Picking up where the last episode left off in the ludicrous factor, The Doctor attempts to communicate with the giant beast with gobsmacking results. How on Earth was Tom Baker allowed to perform fellatio upon this thing and get away with it? Mary Whitehouse was mortified when it looked as if The Doctor had drowned in The Deadly Assassin (hint, Mary: it's called a "freeze frame"), but she didn't seem to bat an eye at this inter species oral sex.
But this isn't the most troubling aspect of The Creature From The Pit for me. No, it's the fact that The Doctor and Romana, becoming increasingly invincible, are, in effect, armed in this story. Romana is almost always carrying K-9, and K-9 almost always is shooting down guards with his nose laser. At first just a cute, know-it-all computer, now the robot dog has become the universe's bulkiest stun gun - yet another easy fix for The Doctor to go along with his glib tongue to get him out of sticky situations.
And another thing (and although it really does seem like I'm cutting this poor story to shreds, I hope to be more positive in the next write-up), another big beef I have is not with this story, essentially, but with John Nathan-Turner in four years' time after this story aired.
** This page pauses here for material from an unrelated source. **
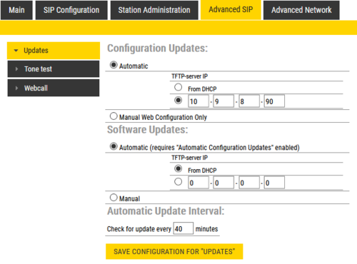 When used in SIP mode, an IP station may be set up to automatically pull configuration from a TFTP server. The IP address of this TFTP server can be obtained using DHCP procedures or be manually configured.

I'll delve into more when the time comes, but Geoffrey Bayldon is such an almost perfect match, both physically and vocally, to the late William Hartnell that every time I watch this story (and, to an even greater extent, when I watch Bayldon in an episode of the 1987 series Star Cops), I can't help that, with all due respect to Richard Hurndall, Bayldon should have been the automatic choice to play the First Doctor in The Five Doctors in 1983. Good thing the producers of Doctor Who Unbound at Big Finish thought the same thing.